Juan
Pablo II ha insistido en el sentido "eminentemente
religioso" de su viaje a Israel y Palestina. Lo viene haciendo
desde hace meses, lo subrayó poco antes de partir y ahora a su
llegada a Israel. El gesto de visitar los lugares considerados santos
para las tres religiones históricas monoteístas (judíos, musulmanes
y cristianos) forma parte de un propósito trazado por el Papa dentro
de su pontificado y, en particular, con ocasión del año jubilar:
producir un acercamiento histórico entre las religiones. Para Karol
Wojtyla el diálogo interreligioso y la coincidencia de los grandes líderes
de las religiones históricas se constituye, hoy en día, en un
reaseguro ético y moral indispensable para la paz en el mundo. El
Jefe de la Iglesia Católica está profundamente convencido de que,
por encima de cualquier perspectiva política, ideológica o de interés
económico particular, sólo los valores propios de la religión
pueden garantizar parámetros más justos y más humanos para el
conjunto de la humanidad. De allí su esfuerzo para convocar al diálogo
entre las religiones.
La
propuesta, en general, ha sido bien aceptada por los interlocutores.

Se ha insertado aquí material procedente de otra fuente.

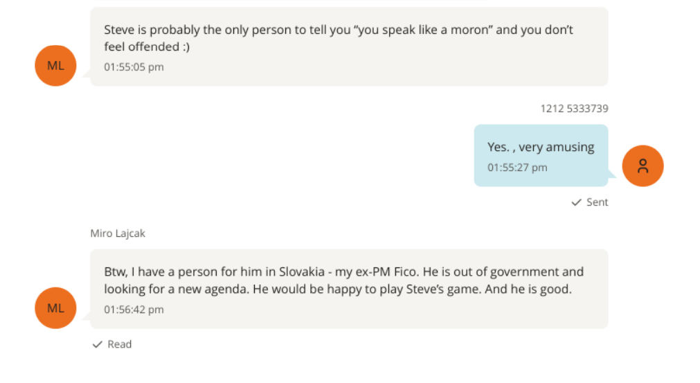 Krátko po stretnutí s Epsteinom a Bannonom poslal exminister Lajčák Epsteinovi správu, v ktorej mu odporučil Roberta Fica ako vhodného človeka pre Bannona. Prvého júla 2018 mu napísal: „Mimochodom, mám pre neho (Stevea Bannona, pozn.) človeka na Slovensku – môjho bývalého premiéra Fica. Je mimo vlády a hľadá si novú agendu. Rád by hral Steveovu hru. A je dobrý,“ napísal Lajčák Epsteinovi (pdf, str. 6).

Caben, sin embargo, los recelos. Sobre todo porque se señala que, con
sus iniciativas, Juan Pablo II intenta convertirse él mismo, y por
extensión a la Iglesia Católica, en la visagra de esa construcción
interreligiosa.
La visita
a Israel y Palestina es, en todos los sentidos, uno de los viajes más
emocionantes de Juan Pablo II pero, sin duda, el más riesgoso de su
20 años de pontificado. Por todo ello no está desprovisto totalmente
de objetivos políticos. En un sentido Juan Pablo II quiere ofrecerse
él mismo como garante de la paz entre palestinos e israelíes,
colaborando a hacer realidad el sueño de una tierra para dos pueblos.
Por otra parte israelíes y
palestinos tendrán sus ojos puestos en cada gesto de Karol Wojtyla
para traer a su propio molino cualquier señal que rompa el equilibrio
geopolítico que el Vaticano ha mantenido, en particular, en relación
al status de Jerusalén. Para los israelíes la Ciudad Santa es la
capital única, indivisible y eterna de la nación hebrea. Para los
palestinos, que nombran a Jerusalén como Al Qods (el nombre árabe),
es el lugar santo del Islam. El propio Vaticano aspira a que la ciudad
alcance un estatuto de internacionalidad con la participación activa
de las tres religiones, no sujeta a ningún Estado ni a ninguna
nacionalidad en particular sino destinada a convertirse en lugar de
acogida religiosa para todos los habitantes del mundo que deseen
acudir hasta allí en peregrinación. Un objetivo que, a poco de
cumplir 80 años, Karol Wojtyla no resigna.